TASK ITEM = Reproduce exactly, from the data that follows, the line with "商品の持ち帰りができることをアピールするハーフのぼりです", the line with "文章摘要:在2025年亚洲杯", and every line that lies between them.

EXCERPTED RECORDS =
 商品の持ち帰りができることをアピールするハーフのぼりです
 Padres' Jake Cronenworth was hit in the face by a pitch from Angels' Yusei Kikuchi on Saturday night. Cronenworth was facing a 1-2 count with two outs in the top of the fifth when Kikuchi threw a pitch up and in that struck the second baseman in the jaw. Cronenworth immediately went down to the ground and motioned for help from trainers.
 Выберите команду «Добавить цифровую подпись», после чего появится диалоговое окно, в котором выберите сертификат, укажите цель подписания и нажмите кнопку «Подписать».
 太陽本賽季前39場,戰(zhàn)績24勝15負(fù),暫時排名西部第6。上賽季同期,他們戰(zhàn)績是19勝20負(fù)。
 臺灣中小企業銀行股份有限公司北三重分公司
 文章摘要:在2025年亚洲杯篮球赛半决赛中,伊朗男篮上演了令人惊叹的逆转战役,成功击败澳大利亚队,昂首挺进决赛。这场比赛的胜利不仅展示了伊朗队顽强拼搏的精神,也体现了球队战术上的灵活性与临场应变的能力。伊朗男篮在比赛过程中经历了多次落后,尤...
...
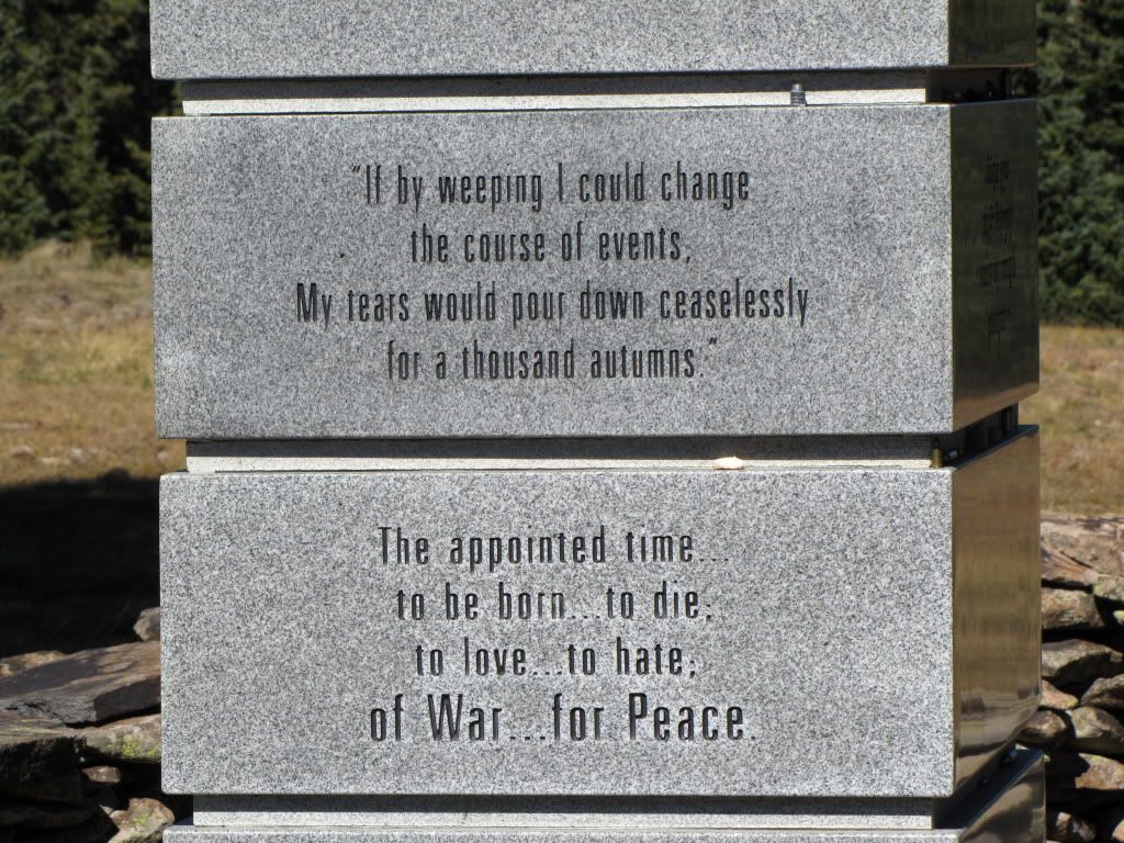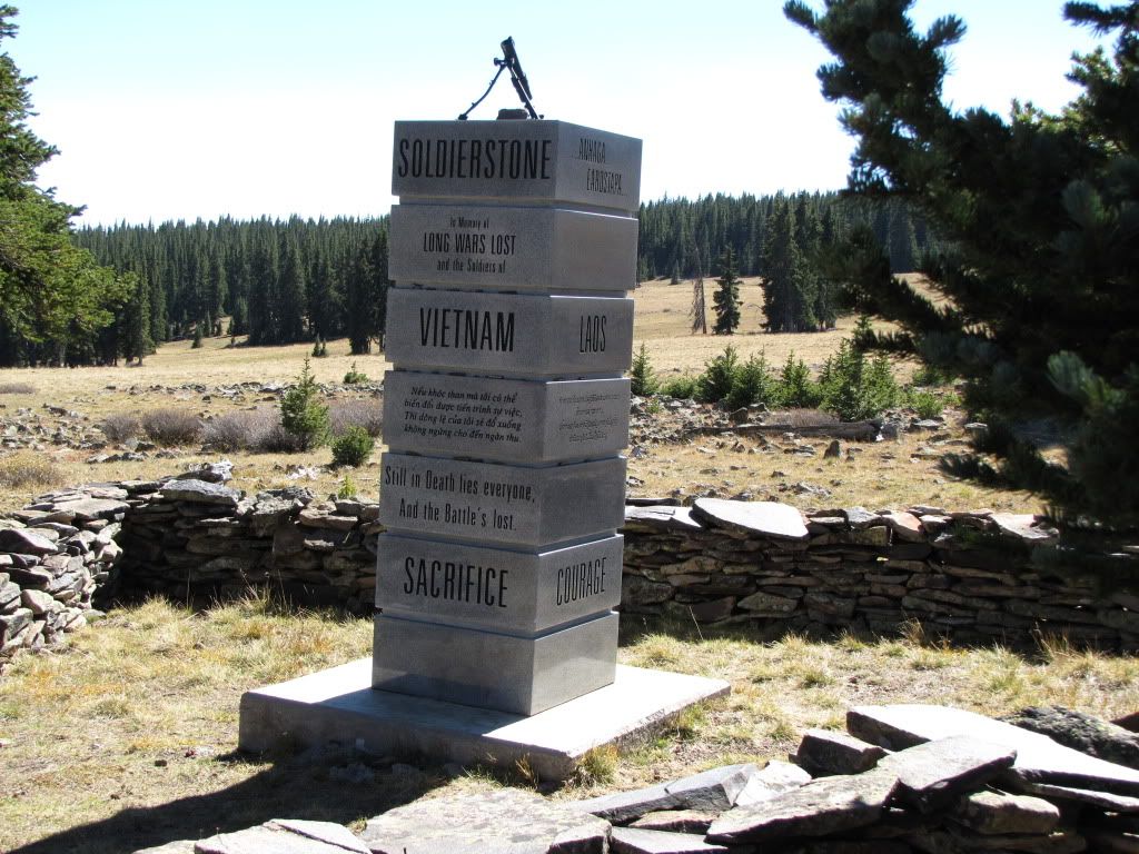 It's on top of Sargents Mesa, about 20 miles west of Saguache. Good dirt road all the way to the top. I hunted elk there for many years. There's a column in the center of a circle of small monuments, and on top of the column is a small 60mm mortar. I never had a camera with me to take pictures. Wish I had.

ANSWER BELOW =
 商品の持ち帰りができることをアピールするハーフのぼりです
 Padres' Jake Cronenworth was hit in the face by a pitch from Angels' Yusei Kikuchi on Saturday night. Cronenworth was facing a 1-2 count with two outs in the top of the fifth when Kikuchi threw a pitch up and in that struck the second baseman in the jaw. Cronenworth immediately went down to the ground and motioned for help from trainers.
 Выберите команду «Добавить цифровую подпись», после чего появится диалоговое окно, в котором выберите сертификат, укажите цель подписания и нажмите кнопку «Подписать».
 太陽本賽季前39場,戰(zhàn)績24勝15負(fù),暫時排名西部第6。上賽季同期,他們戰(zhàn)績是19勝20負(fù)。
 臺灣中小企業銀行股份有限公司北三重分公司
 文章摘要:在2025年亚洲杯篮球赛半决赛中,伊朗男篮上演了令人惊叹的逆转战役,成功击败澳大利亚队,昂首挺进决赛。这场比赛的胜利不仅展示了伊朗队顽强拼搏的精神,也体现了球队战术上的灵活性与临场应变的能力。伊朗男篮在比赛过程中经历了多次落后,尤...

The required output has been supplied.